Apple is adopting a novel strategy for training its AI models, avoiding the collection or replication of user content from iPhones or Macs.
A recent blog post reveals that the company intends to persist in its use of synthetic data—data created to replicate user behavior—and differential privacy to enhance features such as email summaries while ensuring that personal emails or messages remain inaccessible.

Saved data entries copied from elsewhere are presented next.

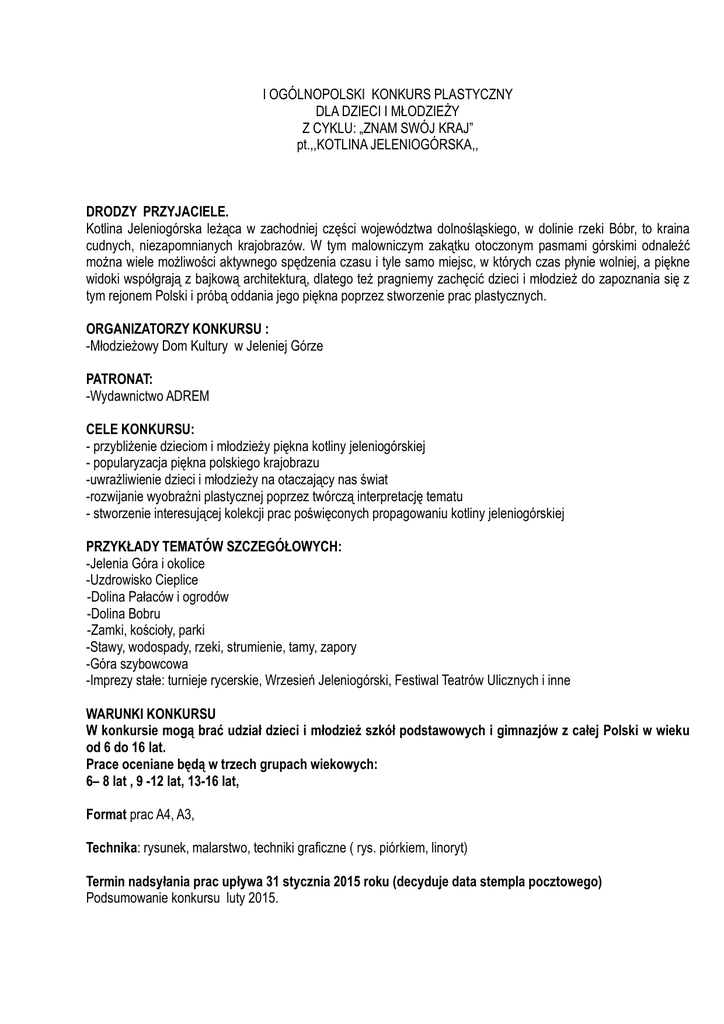 I OGÓLNOPOLSKI KONKURS PLASTYCZNY DLA DZIECI I MŁODZIEŻY Z CYKLU: „ZNAM SWÓJ KRAJ” pt.,,KOTLINA JELENIOGÓRSKA,, DRODZY PRZYJACIELE. Kotlina Jeleniogórska leżąca w zachodniej części województwa dolnośląskiego, w dolinie rzeki Bóbr, to kraina cudnych, niezapomnianych krajobrazów. W tym malowniczym zakątku otoczonym pasmami górskimi odnaleźć można wiele możliwości aktywnego spędzenia czasu i tyle samo miejsc, w których czas płynie wolniej, a piękne widoki współgrają z bajkową architekturą, dlatego też pragniemy zachęcić dzieci i młodzież do zapoznania się z tym rejonem Polski i próbą oddania jego piękna poprzez stworzenie prac plastycznych. ORGANIZATORZY KONKURSU : -Młodzieżowy Dom Kultury w Jeleniej Górze PATRONAT: -Wydawnictwo ADREM CELE KONKURSU: - przybliżenie dzieciom i młodzieży piękna kotliny jeleniogórskiej - popularyzacja piękna polskiego krajobrazu -uwrażliwienie dzieci i młodzieży na otaczający nas świat -rozwijanie wyobraźni plastycznej poprzez twórczą interpretację tematu - stworzenie interesującej kolekcji prac poświęconych propagowaniu kotliny jeleniogórskiej PRZYKŁADY TEMATÓW SZCZEGÓŁOWYCH: -Jelenia Góra i okolice -Uzdrowisko Cieplice -Dolina Pałaców i ogrodów -Dolina Bobru -Zamki, kościoły, parki -Stawy, wodospady, rzeki, strumienie, tamy, zapory -Góra szybowcowa -Imprezy stałe: turnieje rycerskie, Wrzesień Jeleniogórski, Festiwal Teatrów Ulicznych i inne WARUNKI KONKURSU W konkursie mogą brać udział dzieci i młodzież szkół podstawowych i gimnazjów z całej Polski w wieku od 6 do 16 lat. Prace oceniane będą w trzech grupach wiekowych: 6– 8 lat , 9 -12 lat, 13-16 lat, Format prac A4, A3, Technika: rysunek, malarstwo, techniki graficzne ( rys. piórkiem, linoryt) Termin nadsyłania prac upływa 31 stycznia 2015 roku (decyduje data stempla pocztowego) Podsumowanie konkursu luty 2015. Przewiduje się przyznanie nagród, wyróżnień i dyplomów. Każda praca powinna być opisana czytelnie, według wzoru, pismem drukowanym. NAZWISKO......................................................................................................................................... . IMIĘ...................................................................................................................................................... WIEK............. TYTUŁ PRACY ............................................................................................... .................................... ADRES : SZKOŁY / INSTYTUCJI ....................................................................................................... ULICA .................................................................................................................................................. MIASTO (KOD) ................................................................................................................................... IMIĘ I NAZWISKO NAUCZYCIELA .................................................................................................... E-MAIL: SZKOŁY/ INSTYTUCJI ........................................................................................................ - Każda praca może mieć tylko jednego autora – w konkursie nie mogą brać udziału prace zbiorowe. - Nadesłane na konkurs prace nie mogą być zrolowane. - Organizatorzy nie odpowiadają za zniszczenie prac podczas ich przewozu. - Prace można również przesyłać indywidualnie. - Nadesłanie prac na konkurs oznacza zapoznanie się z regulaminem i jest równoznaczne z wyrażeniem zgody na przetwarzanie danych osobowych - Nadesłane na konkurs prace nie będą zwracane ich autorom, pozostaną własnością organizatorów, którzy zastrzegają sobie możliwość ich publikowania. - Protokół konkursu zostanie umieszczony na stronie internetowej www.mdkjelonek.pl PRACE PROSIMY PRZESYŁAĆ NA ADRES : Młodzieżowy Dom Kultury ul. M. Skłodowskiej - Curie 12 58-500 Jelenia Góra tel. 75-64 24 460 , e-mail:[email protected] www.mdkjelonek.pl z dopiskiem “Kotlina jeleniogórska” Z A P R A S Z A M Y!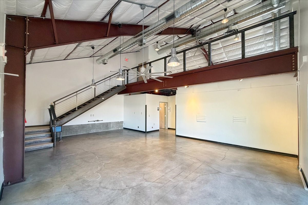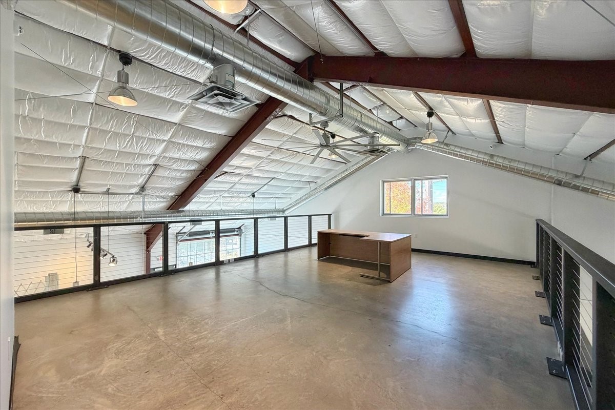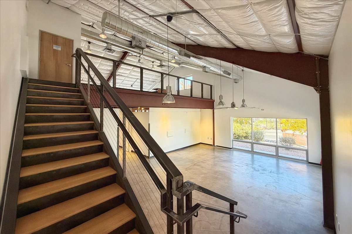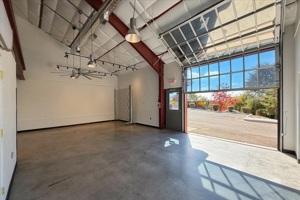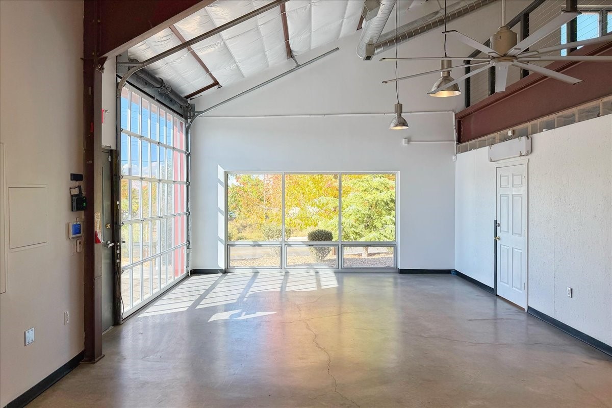 Corner unit filled with natural light and full street visibility. This architecturally striking commercial space, zoned I-2, offers flexible potential--think showroom, gallery, fitness studio, caf, or wine bar (subject to zoning). The interior features soaring ceilings with exposed steel, expansive storefront windows, a glass roll-up door, and hard-troweled concrete floors. Two large bathrooms and a reliable heating and cooling system ensure comfort and functionality. Ideal for artists or makers who need space for large-scale installations, it's located on a prominent corner near Second Street Brewery and Meow Wolf--where creativity, visibility, and opportunity meet. If the space feels larger than you need, consider subletting a portion to generate income and offset your mortgage!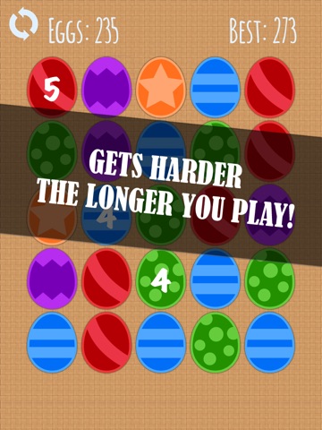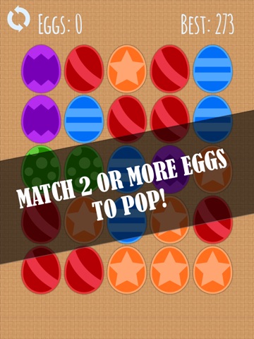 Players tap on groups of 2 or more adjacent matching eggs to collect them. New random eggs drop down so the board is always full.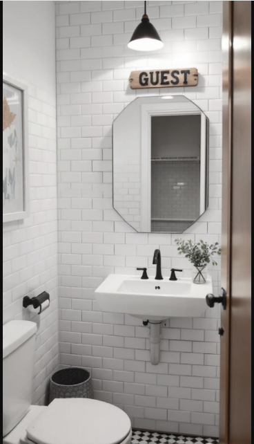 Dark fixtures, such as a black faucet and towel bar, provide striking contrast and give the bathroom a modern edge. A round mirror softens the sharp lines of the tiles, while a wooden “GUEST” sign adds a welcoming, personal touch. Small details like a potted plant bring in a hint of nature, enhancing the relaxed and inviting atmosphere.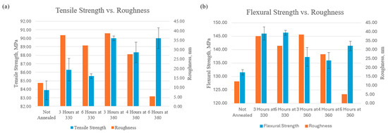 Figure 21 compares the microscale characteristic of roughness to the macroscale mechanical analysis of tensile strength and ultimate flexural strength. The roughness of the surface topography starts lower with the not-annealed sample at 12.3 nm and then jumps to 37.7 nm when annealed for 3 h at 330 °C. The sample annealed for 6 h at 330 °C had a surface roughness of 32.2 nm and the sample annealed for 3 h at 360 °C had a surface roughness of 38.5 nm. These roughness values are relatively high and are due to the sample in the melting and recrystallization process. At a longer duration of 4 h at 360 °C, the roughness starts to drop as the recrystallization process progresses to 27.5 nm. Once the sample is annealed at the highest temperature, 360 °C, and longest duration, 6 h, the surface roughness drops to 5.21 nm, which means the polymer chains have relaxed. In Figure 21a, the surface roughness directly correlates to the tensile strength of annealed samples because the high-roughness samples have a lower tensile strength while the lower-roughness samples have a higher tensile strength. The not-annealed sample has a roughness of 12.3 nm and a tensile strength of 83.9 MPa while the sample annealed for 6 h at 360 °C has a roughness of 5.21 nm and a tensile strength of 90.0 MPa. Therefore, the surface roughness dropped by 7.06 nm, and the tensile strength increased by 6.1 MPa. In Figure 21b, the 330 °C samples have the highest flexural strength but also have the highest roughness value. When the roughness drops in the samples annealed for longer durations at 360 °C the flexural strength is still higher than the not-annealed sample but not as high as the samples annealed at 330 °C.

Users participating in Apple’s Device Analytics program will have their AI models analyze synthetic email-like messages by comparing them to a limited selection of actual content stored locally on their devices. The device subsequently determines which synthetic messages align most closely with its user sample, relaying information about the chosen match back to Apple. Apple has stated that no individual user data is transmitted from the device, emphasizing that the company only receives aggregated information.
Apple is set to enhance its models for generating longer-form text through a new technique that eliminates the need for gathering actual user content. The company is expanding its commitment to differential privacy, incorporating randomized data into larger datasets to safeguard individual identities. Since 2016, Apple has employed this method to analyze usage patterns, aligning with the company’s commitment to preserving policies.
Enhancing Genmoji alongside various Apple Intelligence functionalities
The company has implemented differential privacy to enhance features such as Genmoji, allowing it to gather insights on popular prompts while ensuring no specific user or device is identified with any particular prompt. Apple is set to implement comparable techniques in its forthcoming releases for various Apple Intelligence features, such as Image Playground, Image Wand, Memories Creation, and Writing Tools.
Genmoji conducts anonymous polls across participating devices to assess the visibility of specific prompt fragments. Every device emits a distinct signal, with some responses indicating genuine usage and others appearing random. According to the company, the method guarantees that only commonly utilized terms are accessible to Apple while ensuring that no single response can be linked to a specific user or device.
Developing synthetic data to enhance email summaries
Although the method above has proven effective for short prompts, Apple recognized the necessity for a different strategy to tackle more intricate tasks such as email summarization. Apple produces thousands of sample messages, transforming these synthetic communications into numerical representations, known as ’embeddings,’ which reflect language, tone, and topic. User devices involved in the process compare the embeddings against samples stored locally. Once more, it is important to note that only the chosen match is disclosed rather than the actual content.
Apple gathers the most commonly chosen synthetic embeddings from devices that opt in, utilizing this information to enhance its training data. As the process evolves, the system increasingly produces synthetic emails that are both relevant and realistic. This advancement aids Apple in enhancing its AI capabilities for summarisation and text generation while maintaining a strong commitment to user privacy.
The feature is currently accessible in its beta version.
Apple has begun rolling out the system in beta versions of iOS 18.5, iPadOS 18.5, and macOS 15.5. Apple is reportedly taking steps to tackle issues surrounding its AI development, as highlighted by Bloomberg’s Mark Gurman. These challenges have encompassed delays in feature rollouts and the repercussions stemming from shifts in leadership within the Siri team.
Although the effectiveness of this approach in generating more practical AI outputs has yet to be determined, it clearly indicates a public initiative aimed at reconciling user privacy with model performance.